Each record must reappear in the answer exactly as it is written.

◆ Records shown ◆
BEGIN

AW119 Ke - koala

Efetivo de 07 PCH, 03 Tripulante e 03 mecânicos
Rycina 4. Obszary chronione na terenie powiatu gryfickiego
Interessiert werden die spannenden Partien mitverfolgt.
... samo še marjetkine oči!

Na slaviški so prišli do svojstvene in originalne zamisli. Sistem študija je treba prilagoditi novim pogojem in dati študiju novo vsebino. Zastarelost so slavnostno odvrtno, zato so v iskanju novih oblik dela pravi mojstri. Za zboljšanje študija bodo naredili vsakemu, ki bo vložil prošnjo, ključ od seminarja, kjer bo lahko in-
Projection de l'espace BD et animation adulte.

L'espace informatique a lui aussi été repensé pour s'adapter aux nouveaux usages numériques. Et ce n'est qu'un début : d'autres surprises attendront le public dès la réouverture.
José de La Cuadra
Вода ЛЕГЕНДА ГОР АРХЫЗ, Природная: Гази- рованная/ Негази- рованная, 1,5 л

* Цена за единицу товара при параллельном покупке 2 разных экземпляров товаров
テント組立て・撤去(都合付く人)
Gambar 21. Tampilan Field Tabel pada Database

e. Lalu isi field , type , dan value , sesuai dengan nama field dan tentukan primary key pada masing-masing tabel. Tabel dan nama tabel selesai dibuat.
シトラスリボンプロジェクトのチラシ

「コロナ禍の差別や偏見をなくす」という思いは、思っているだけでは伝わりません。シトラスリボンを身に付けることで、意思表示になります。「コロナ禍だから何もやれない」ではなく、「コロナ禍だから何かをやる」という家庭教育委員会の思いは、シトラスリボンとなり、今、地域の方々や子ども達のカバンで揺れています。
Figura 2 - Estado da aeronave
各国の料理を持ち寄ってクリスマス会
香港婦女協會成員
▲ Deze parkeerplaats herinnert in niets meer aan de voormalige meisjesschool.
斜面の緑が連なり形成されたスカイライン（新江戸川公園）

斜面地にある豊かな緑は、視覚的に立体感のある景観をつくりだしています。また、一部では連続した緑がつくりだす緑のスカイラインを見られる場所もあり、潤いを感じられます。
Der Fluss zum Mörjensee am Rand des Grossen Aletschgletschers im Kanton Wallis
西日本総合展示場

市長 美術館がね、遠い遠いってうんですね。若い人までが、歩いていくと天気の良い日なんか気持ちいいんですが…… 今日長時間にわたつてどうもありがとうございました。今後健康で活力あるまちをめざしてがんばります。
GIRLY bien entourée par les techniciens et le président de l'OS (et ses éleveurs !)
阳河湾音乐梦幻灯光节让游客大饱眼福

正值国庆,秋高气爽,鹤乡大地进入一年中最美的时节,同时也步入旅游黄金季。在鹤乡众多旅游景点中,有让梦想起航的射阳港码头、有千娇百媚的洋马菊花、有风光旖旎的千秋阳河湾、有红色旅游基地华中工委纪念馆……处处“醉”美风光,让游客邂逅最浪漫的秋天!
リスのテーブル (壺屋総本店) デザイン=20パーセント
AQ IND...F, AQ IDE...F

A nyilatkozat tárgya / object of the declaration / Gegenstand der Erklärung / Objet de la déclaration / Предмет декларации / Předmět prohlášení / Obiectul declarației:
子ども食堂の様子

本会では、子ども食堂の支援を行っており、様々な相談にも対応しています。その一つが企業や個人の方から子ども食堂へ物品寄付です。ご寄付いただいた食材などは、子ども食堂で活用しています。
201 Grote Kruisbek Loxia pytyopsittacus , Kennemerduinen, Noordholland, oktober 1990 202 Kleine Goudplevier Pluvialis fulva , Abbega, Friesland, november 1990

END

◆ Exercise output ◆
AW119 Ke - koala

Efetivo de 07 PCH, 03 Tripulante e 03 mecânicos
Rycina 4. Obszary chronione na terenie powiatu gryfickiego
Interessiert werden die spannenden Partien mitverfolgt.
... samo še marjetkine oči!

Na slaviški so prišli do svojstvene in originalne zamisli. Sistem študija je treba prilagoditi novim pogojem in dati študiju novo vsebino. Zastarelost so slavnostno odvrtno, zato so v iskanju novih oblik dela pravi mojstri. Za zboljšanje študija bodo naredili vsakemu, ki bo vložil prošnjo, ključ od seminarja, kjer bo lahko in-
Projection de l'espace BD et animation adulte.

L'espace informatique a lui aussi été repensé pour s'adapter aux nouveaux usages numériques. Et ce n'est qu'un début : d'autres surprises attendront le public dès la réouverture.
José de La Cuadra
Вода ЛЕГЕНДА ГОР АРХЫЗ, Природная: Гази- рованная/ Негази- рованная, 1,5 л

* Цена за единицу товара при параллельном покупке 2 разных экземпляров товаров
テント組立て・撤去(都合付く人)
Gambar 21. Tampilan Field Tabel pada Database

e. Lalu isi field , type , dan value , sesuai dengan nama field dan tentukan primary key pada masing-masing tabel. Tabel dan nama tabel selesai dibuat.
シトラスリボンプロジェクトのチラシ

「コロナ禍の差別や偏見をなくす」という思いは、思っているだけでは伝わりません。シトラスリボンを身に付けることで、意思表示になります。「コロナ禍だから何もやれない」ではなく、「コロナ禍だから何かをやる」という家庭教育委員会の思いは、シトラスリボンとなり、今、地域の方々や子ども達のカバンで揺れています。
Figura 2 - Estado da aeronave
各国の料理を持ち寄ってクリスマス会
香港婦女協會成員
▲ Deze parkeerplaats herinnert in niets meer aan de voormalige meisjesschool.
斜面の緑が連なり形成されたスカイライン（新江戸川公園）

斜面地にある豊かな緑は、視覚的に立体感のある景観をつくりだしています。また、一部では連続した緑がつくりだす緑のスカイラインを見られる場所もあり、潤いを感じられます。
Der Fluss zum Mörjensee am Rand des Grossen Aletschgletschers im Kanton Wallis
西日本総合展示場

市長 美術館がね、遠い遠いってうんですね。若い人までが、歩いていくと天気の良い日なんか気持ちいいんですが…… 今日長時間にわたつてどうもありがとうございました。今後健康で活力あるまちをめざしてがんばります。
GIRLY bien entourée par les techniciens et le président de l'OS (et ses éleveurs !)
阳河湾音乐梦幻灯光节让游客大饱眼福

正值国庆,秋高气爽,鹤乡大地进入一年中最美的时节,同时也步入旅游黄金季。在鹤乡众多旅游景点中,有让梦想起航的射阳港码头、有千娇百媚的洋马菊花、有风光旖旎的千秋阳河湾、有红色旅游基地华中工委纪念馆……处处“醉”美风光,让游客邂逅最浪漫的秋天!
リスのテーブル (壺屋総本店) デザイン=20パーセント
AQ IND...F, AQ IDE...F

A nyilatkozat tárgya / object of the declaration / Gegenstand der Erklärung / Objet de la déclaration / Предмет декларации / Předmět prohlášení / Obiectul declarației:
子ども食堂の様子

本会では、子ども食堂の支援を行っており、様々な相談にも対応しています。その一つが企業や個人の方から子ども食堂へ物品寄付です。ご寄付いただいた食材などは、子ども食堂で活用しています。
201 Grote Kruisbek Loxia pytyopsittacus , Kennemerduinen, Noordholland, oktober 1990 202 Kleine Goudplevier Pluvialis fulva , Abbega, Friesland, november 1990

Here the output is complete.